Week 14
(August,30,2023)
Attendees:
Updates:
1. Revisiting SpaCy NER:
- Opted to retest the SpaCy NER for several reasons:
- Earlier attempts lacked proper visualization, making it hard to assess performance on my dataset.
- Training a SpaCy model is simplified with well-documented commands:
- Dataset Labeling: This is a time-intensive step. I utilized visual annotation tools like
doccano
. - Data Transformation: Converting datasets into a SpaCy-compatible format is straightforward.
- Dataset Labeling: This is a time-intensive step. I utilized visual annotation tools like
- Encountered difficulties while coding for the tiny BERT model training.

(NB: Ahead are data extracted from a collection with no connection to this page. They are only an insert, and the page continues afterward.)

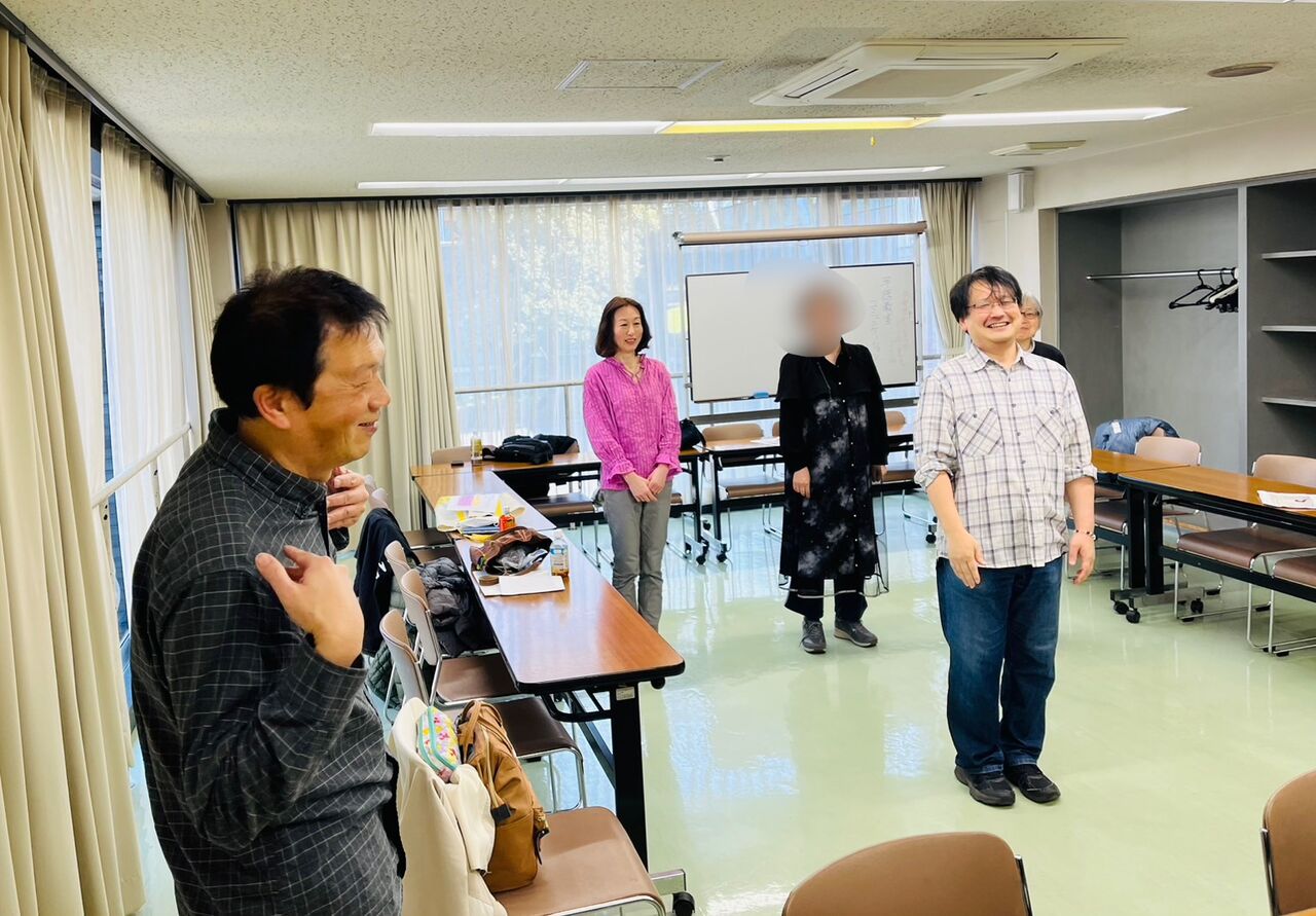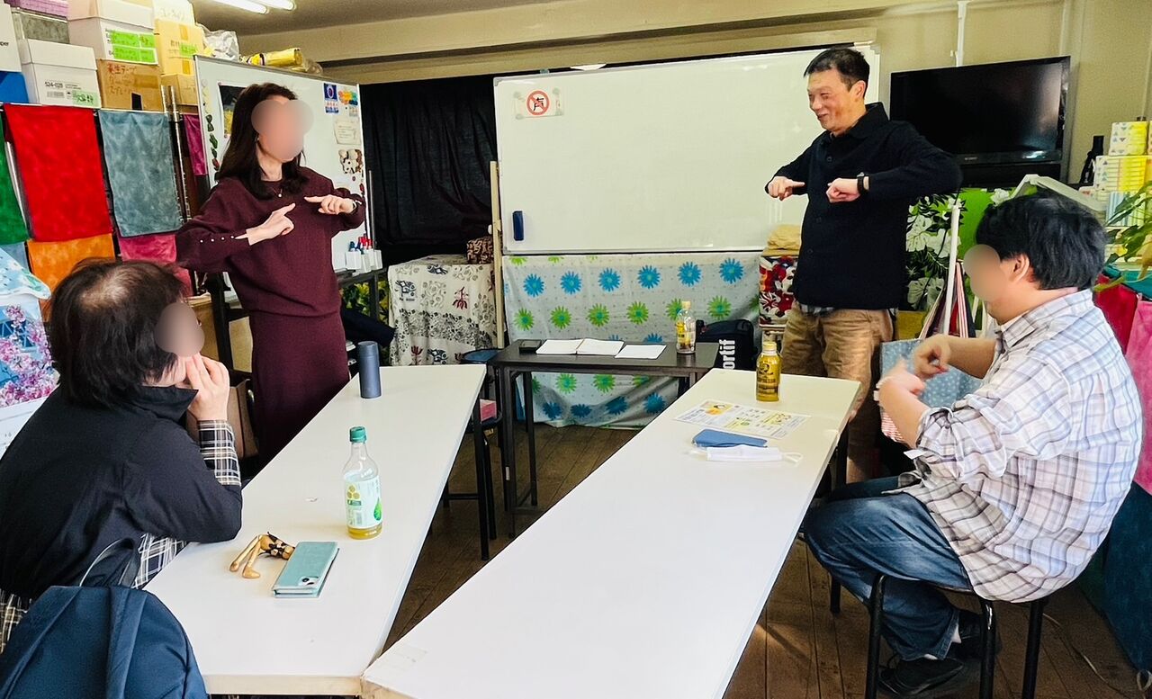 「不明」(荷物が消えた)の表現、「最高」「限界」(お腹がいっぱいでこれ以上食べられない)、「死亡」(スマホの電池切れの時に使ったりする)、「簡単」(吹けば飛ぶ)などの表現を、以前に学習した内容も繰り返しながら、指導いただきました。
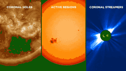CMEs are not the only cause of space weather. Different patches on the Sun are known to give rise to slightly different speeds and densities of wind depending on local conditions. In isolation, each of these different wind streams would form a spiral with a slightly different angle, with fast-moving streams moving out more directly and slow-moving streams wrapping more around the Sun. Fast-moving streams tend to overtake slower streams that originate westward of them on the Sun, forming turbulent co-rotating interaction regions that give rise to wave motions and accelerated particles, and that affect Earth's magnetosphere in the same way as, but more gently than, CMEs.
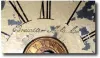 This cute little model with rippled door is in clean condition with original tablet and the applied rosewood graining is superb. It is uncommon to see such a small lyre front. The dial has suffered from paint loss but retains it's original signature. The tablet shows signs of wear, but is still very good. There is wonderful little label inside the case. The ladder movement is a single strip of brass with a ribbed edge. The alarm lifting piece has been restored at some time (well done). With embossed pendulum. Height 11 inches
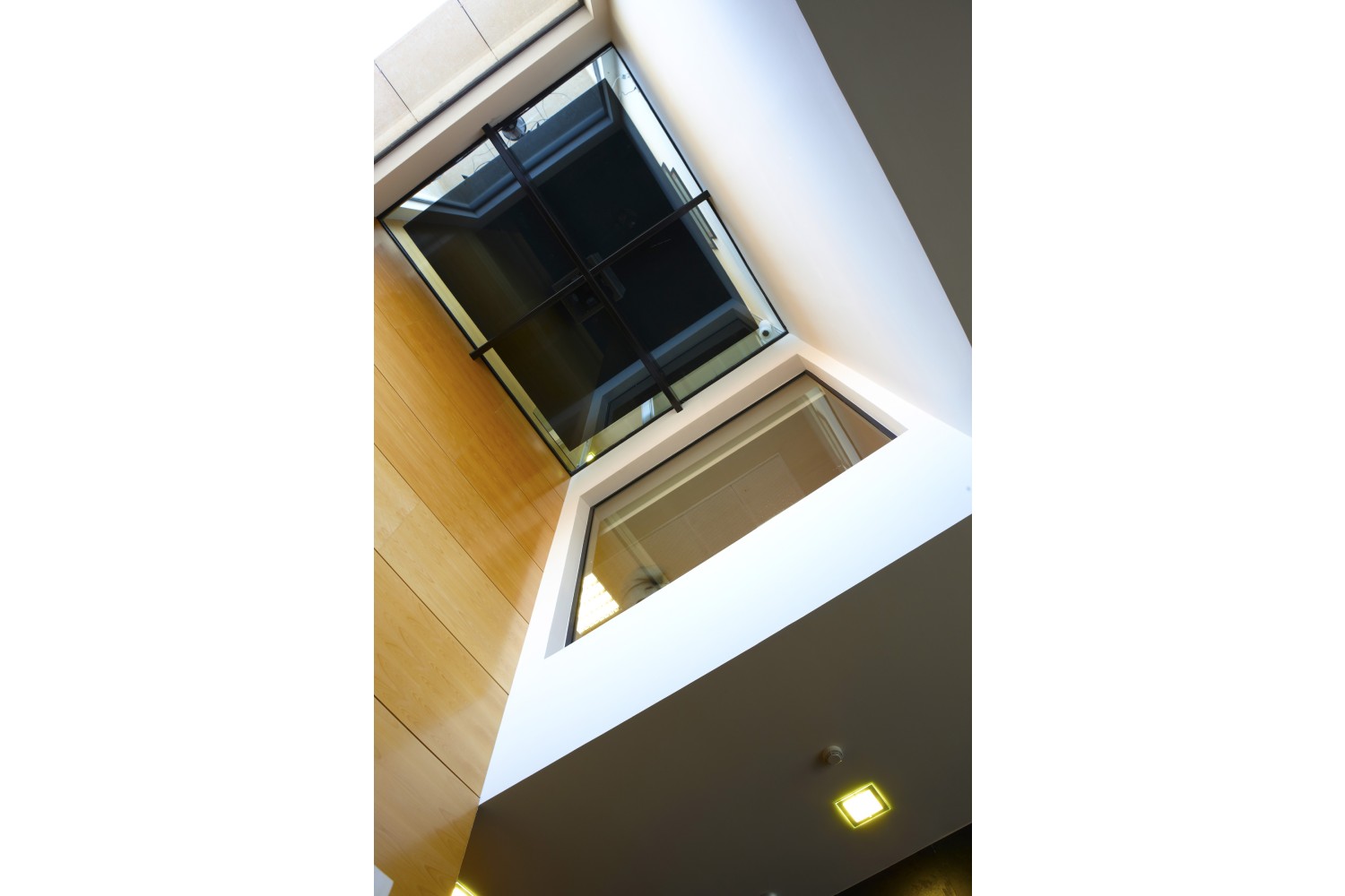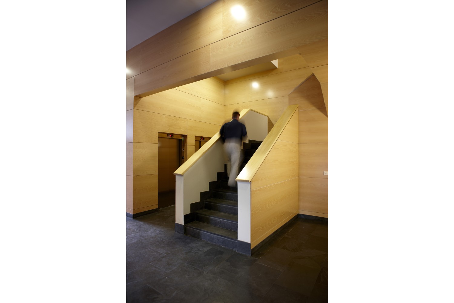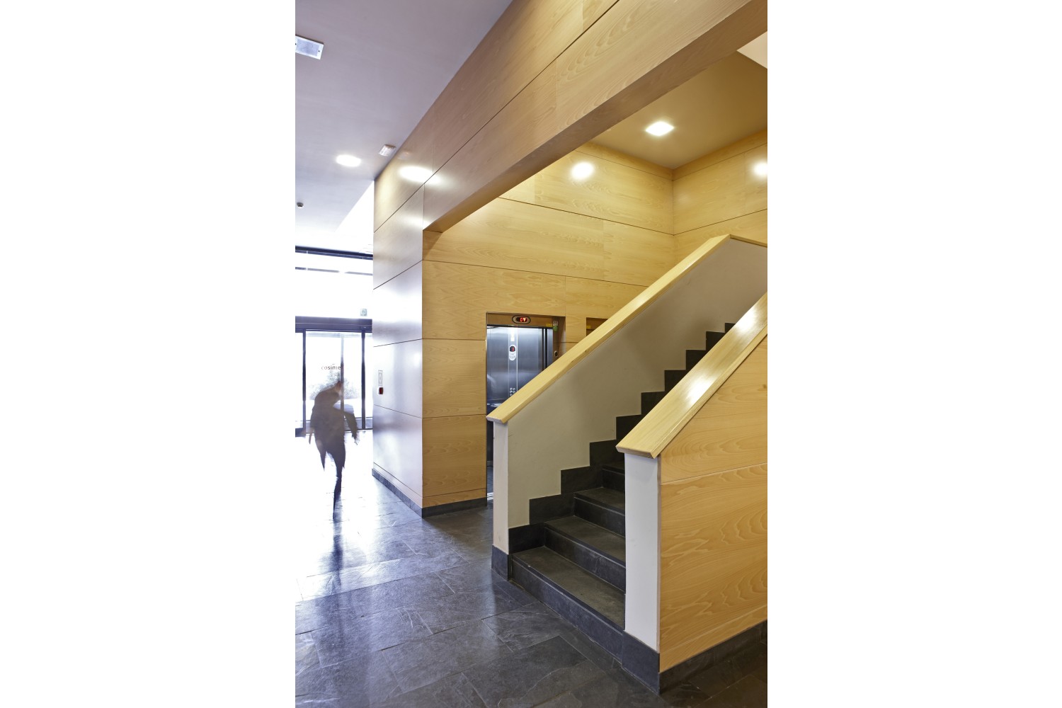En el interior se diseña un gran hueco que comunica todas las plantas. El diseño de las oficinas interiores también corresponde al estudio.

2. Insights on SpaCy's NER Model:
- SpaCy's NER model is trained on the OntoNotes 5 dataset. This dataset, released in late 2013, features 18 entities in contrast to the four in the conll2003 dataset.
3. SpaCy vs. Tiny BERT:
- For a fair comparison, I trained the SpaCy model from scratch on the conll2003 dataset:
- Tiny BERT achieved an F1 score of 0.8177, while SpaCy reached 0.8182 — nearly identical performance.
- NER entity visualization in SpaCy is straightforward via the
displacy
module. - Chose SpaCy due to its ease of use, training, visualization, and a smaller model size compared to tiny BERT.
4. Refining Entity Recognition:
- Realized that distinguishing between PER and ORG entities was non-essential. My primary goal is identifying copyright holder entities. Decided to merge them for future training.
5. Labeling and Fine-tuning:
- Labeled 750 examples from my dataset using
doccano
. - Fine-tuned the SpaCy model trained on conll2003 with this data.
6. Process Optimization:
- Continually working to enhance the process. Will present NER labeled sentences in the coming update.
Conclusion and Future Plans:
1. Enhancing the NER Labeling and Training:
- Merge the PER and ORG entities from the conll2003 dataset during training and ignore the other entities as they're not relevant to my goals.
- Increase the labeled samples from the copyrights dataset to generate a more extensive dataset for training and refinement.